Дверь открыла вылитая баба Эся, только рыжеволосая и с вызывающе малиновыми, в тон ногтям, губами. Не спросив ни слова, она потащила Лилю мимо шуб и велосипедов (опять коммуналка, удивилась Лиля), втолкнула в комнату стиля «советский ампир», тоже как у бабы Эси, только с пианино вместо швейной машинки, усадила на продавленный диван и велела говорить все. Как Вы похожи на нашу соседку, брякнула Лиля  и ни с того ни с сего принялась рассказывать про косички и снегурочкин костюм, и как она тайком бегала к бабе Эсе даже после того, как они получили квартиру и переехали. Свекровь кивала умным обезъяньим личиком, а по окончании рассказа спросила: деточка, а кто ты такая? Лиля сообразила, что ее приняли за бывшую студентку и неуклюже начала, «Мы с Мишей...», но тут накатила тошнота, и она закрыла глаза – а когда открыла, свекровь скакала вокруг нее, как африканец вокруг тотема, высоко поднимая колени в черных лосинах, так что Лилю снова затошнило. Наскакавшись и запыхавшись, свекровь остановилась и стала показывать в пространство (наверное, великой пианистке) маленькие аккуратные кукиши. Потом села рядом с Лилей и заплакала.

Потом звонили маме. Лиля опасалась, что всплывут баритоны, но обошлось.
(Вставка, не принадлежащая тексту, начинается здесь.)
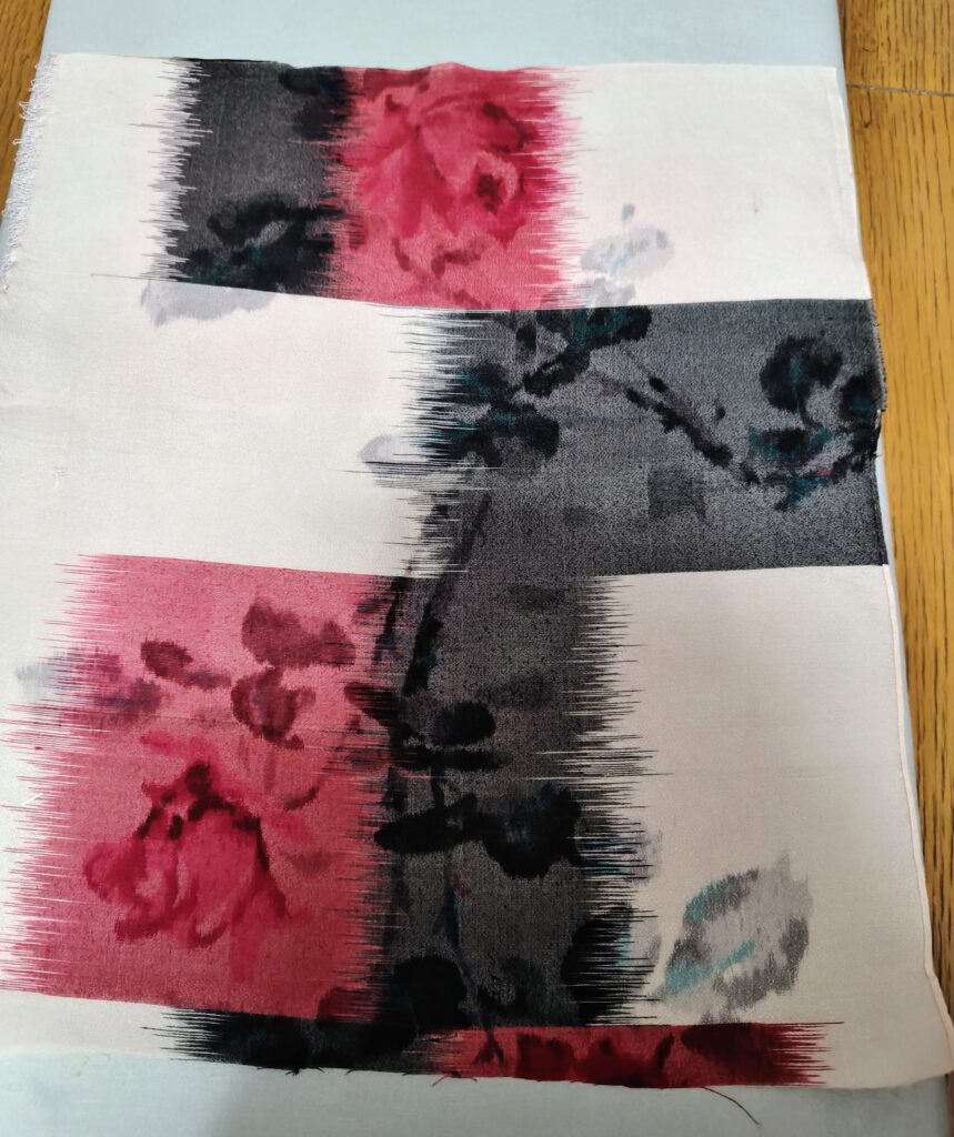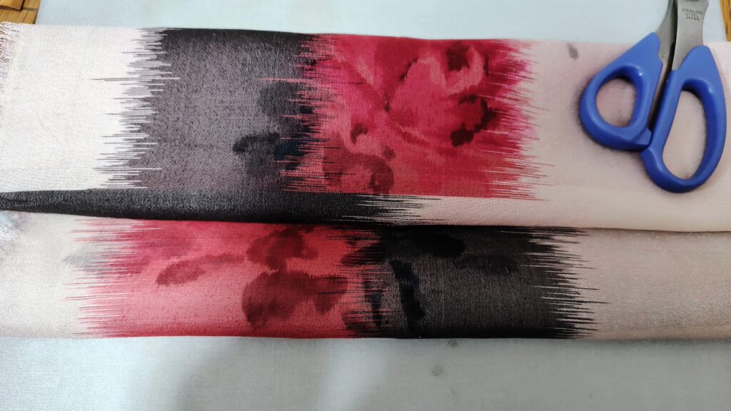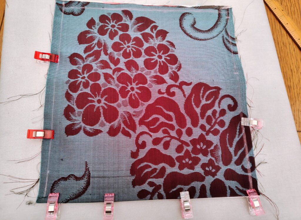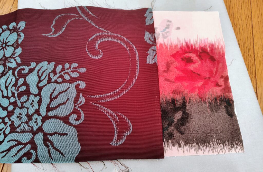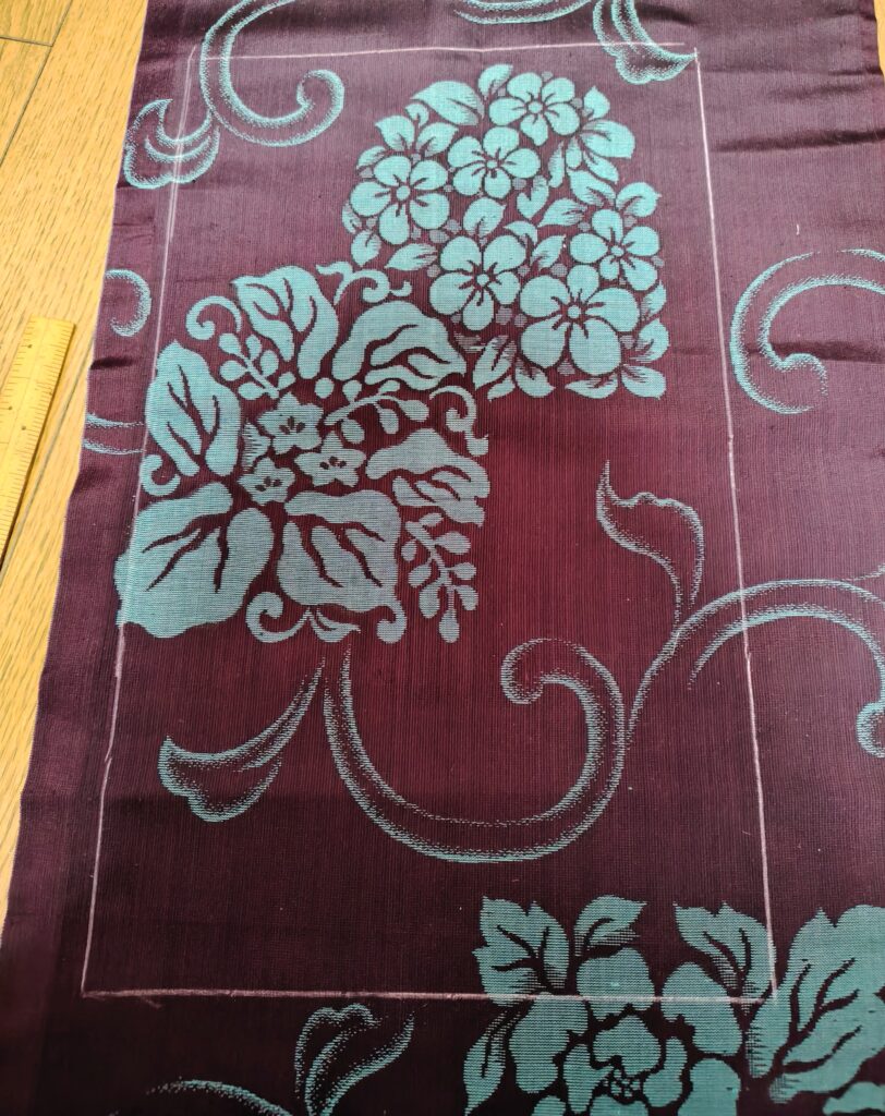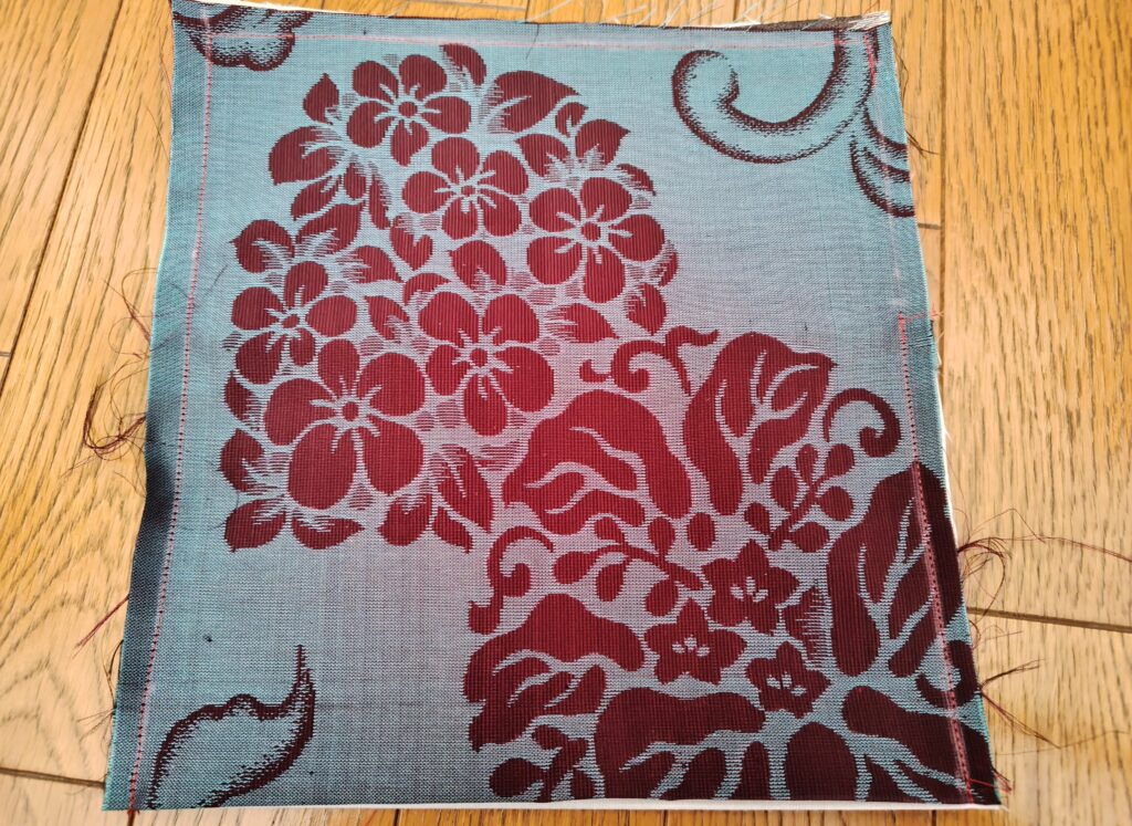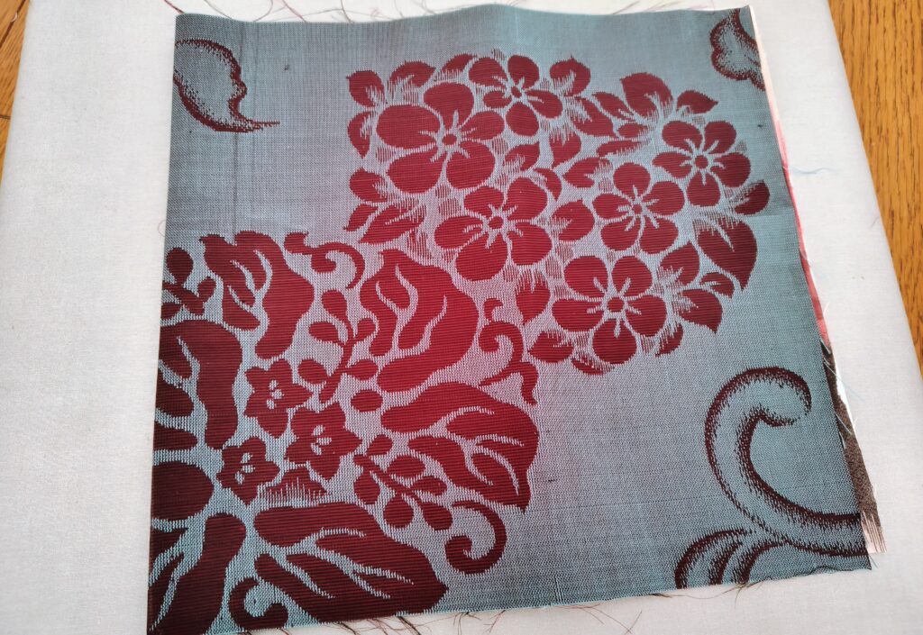 使う生地は以前リバーシブル京袋帯を作ったときにも使った、薔薇柄の夏銘仙です。
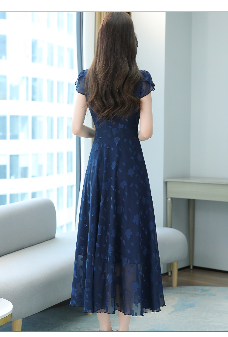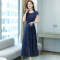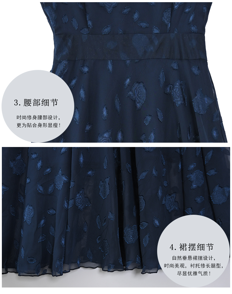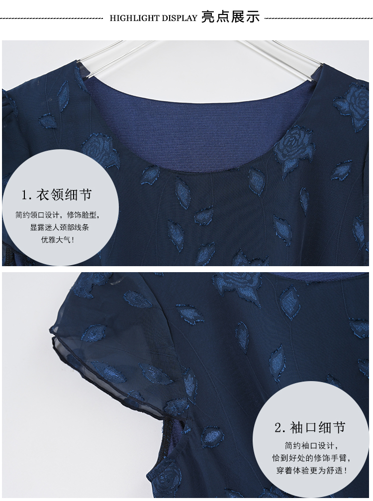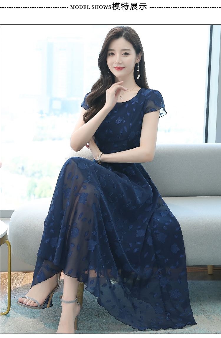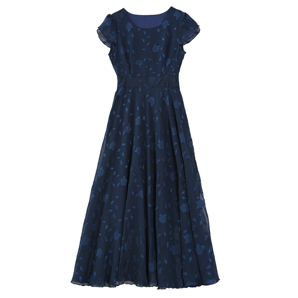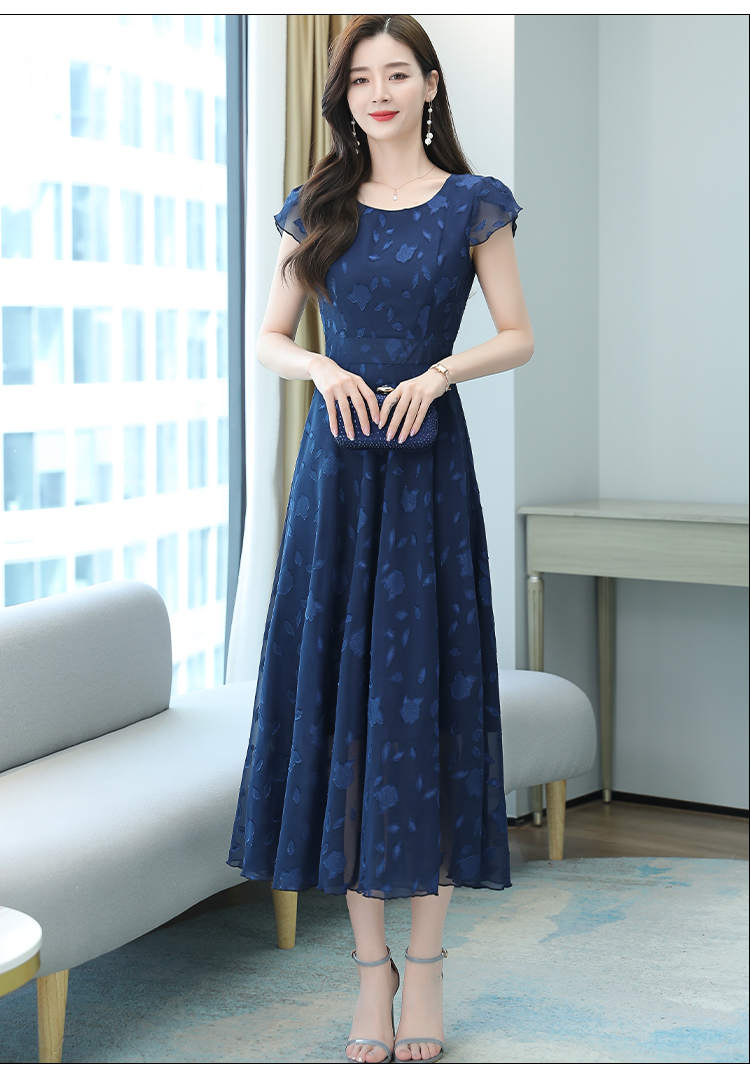 RM19371#夏季新款短袖圆领连衣裙提花收腰显瘦飘逸大摆裙女
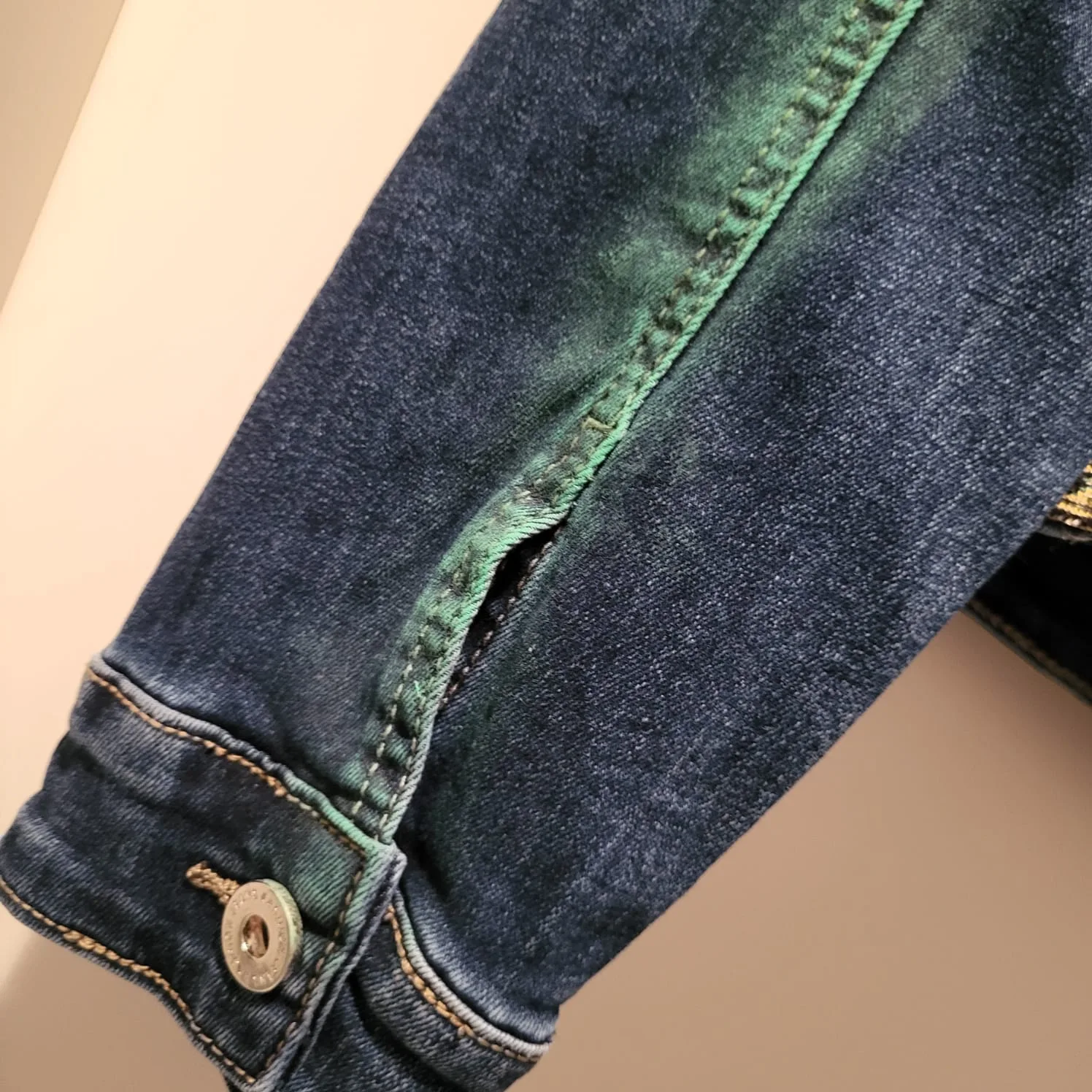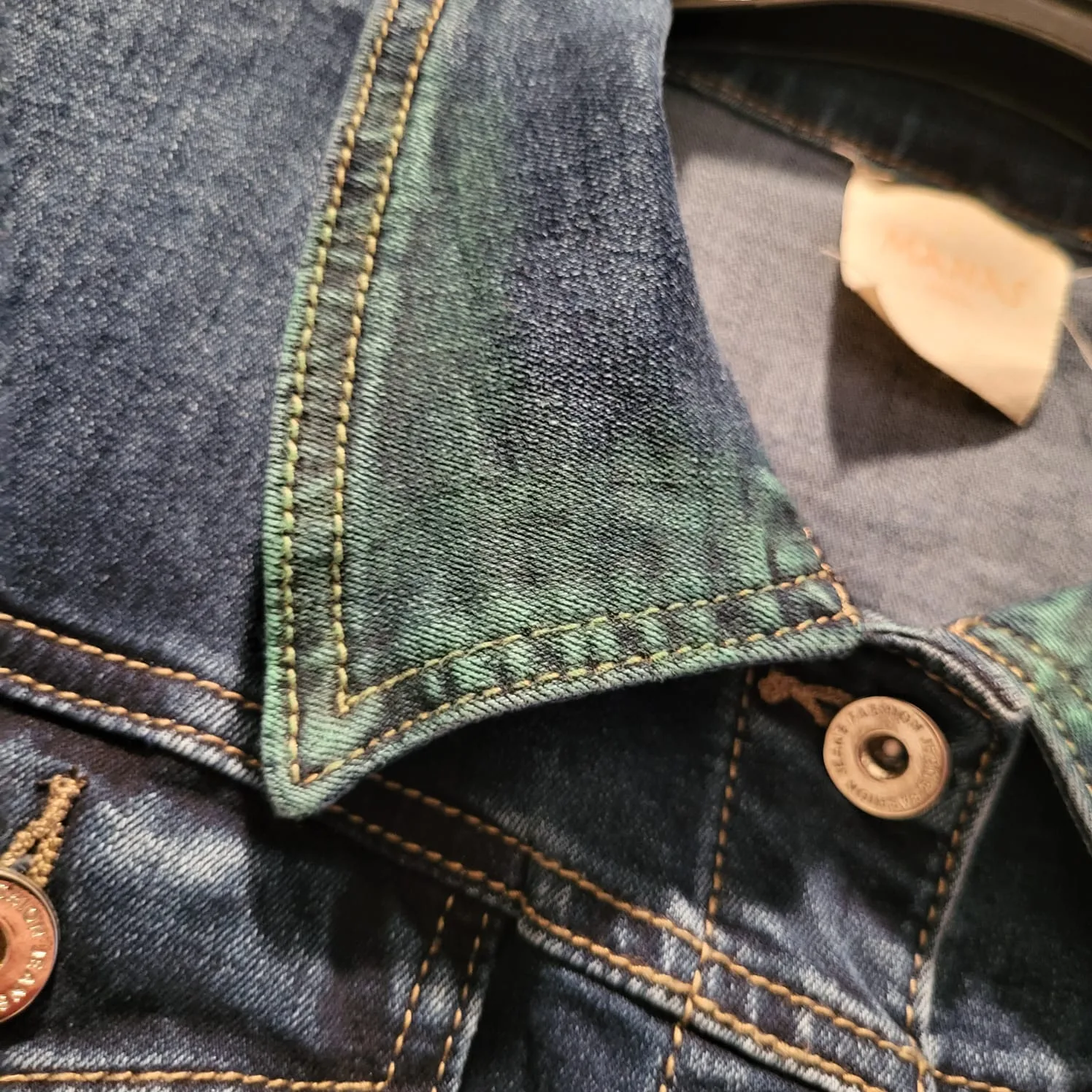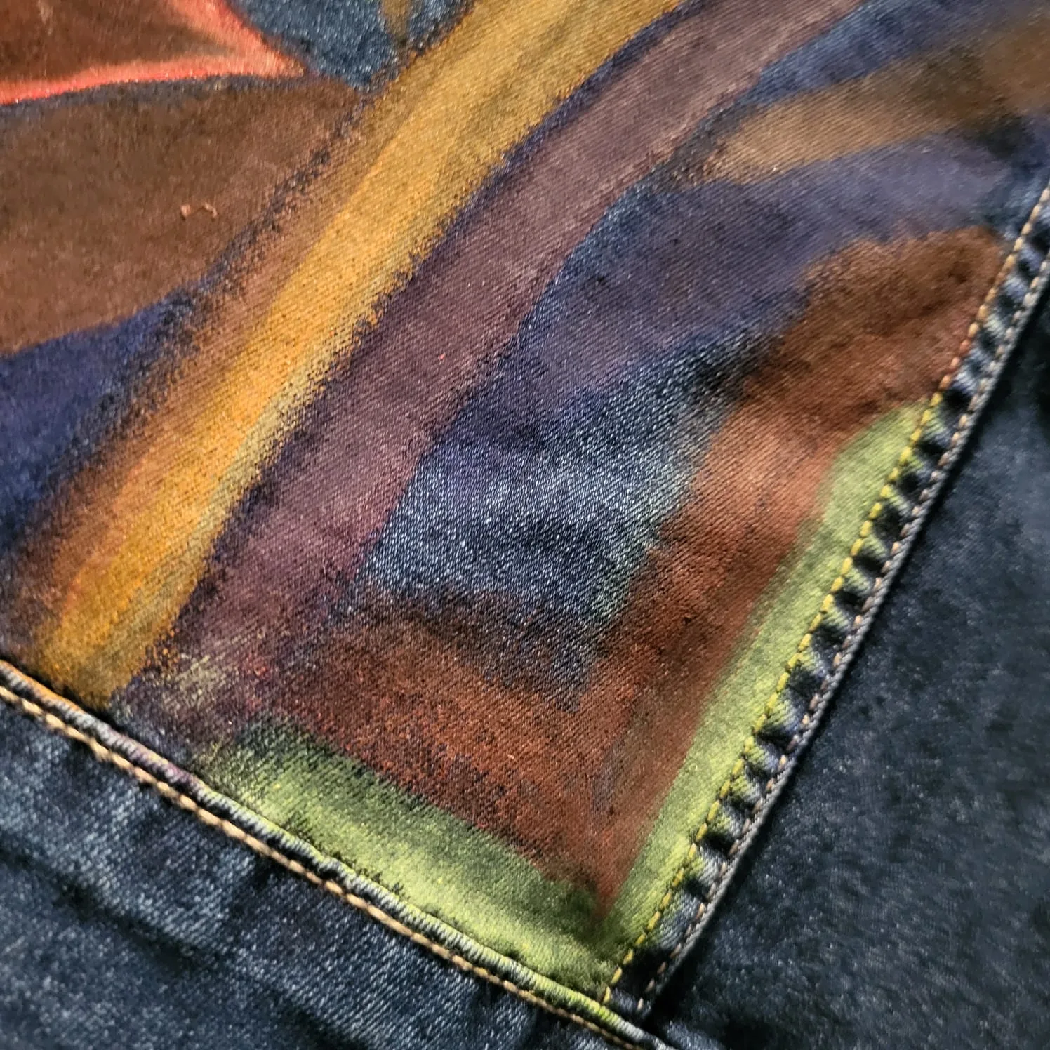 Giubbino in jeans tessuto Denim elasticizzato con soggetto occhio astratto dipinto a mano sulla parte dietro stile Pop Art
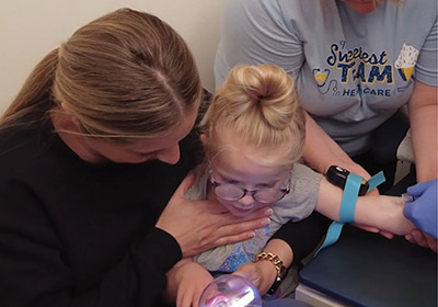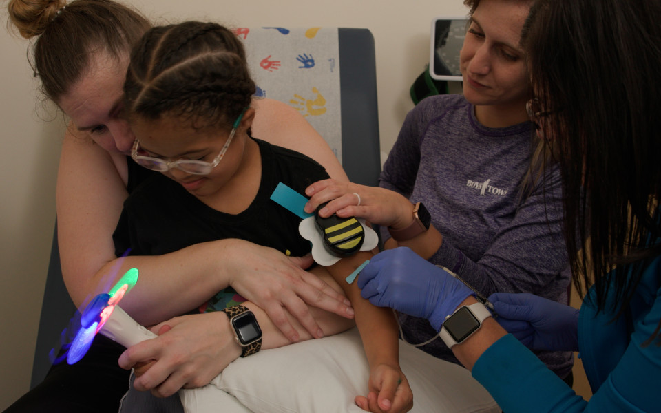Studies have shown that children report feeling less pain during needle procedures when they're allowed to sit up or be held by their parent or caregiver. Boys Town Child Life recommends the following comfort positions for lab draws, with some minor modifications to account for your child's size.

Потом ели принесенную Лилей от Стружкина ромовую бабку и пили чай из разномастных чашек. Лиля извинилась, что они не пригласили ее на свадьбу. Свекровь замахала руками: это мелочи, мелочи, она сама виновата, но Миша ее простит, обязательно простит, а пока Лиля будет держать ее в курсе и малыша покажет, правда? Лиля пообещала.


***

Аркаша, вопреки маминым опасениям, родился здоровеньким, и Миша совершенно рассиропился. Он часами гугукал с младенцем, совал всем его фотографии и вскакивал по ночам от каждого шороха, еще больше изматывая и так измотанную Лилю. Когда в феврале его пригласили сыграть в Уигморском холле, он было отказался: Аркашеньке всего четыре месяца, как он может его оставить? Ты можешь оставить его со мной, насмешливо сказала Лиля. Он все колебался. Подумай  – Лондон, уговаривала она.  Роял холл, Ковент Гарден, красные автобусы. Нет-нет, испуганно сказал Миша – туда и назад. Не время.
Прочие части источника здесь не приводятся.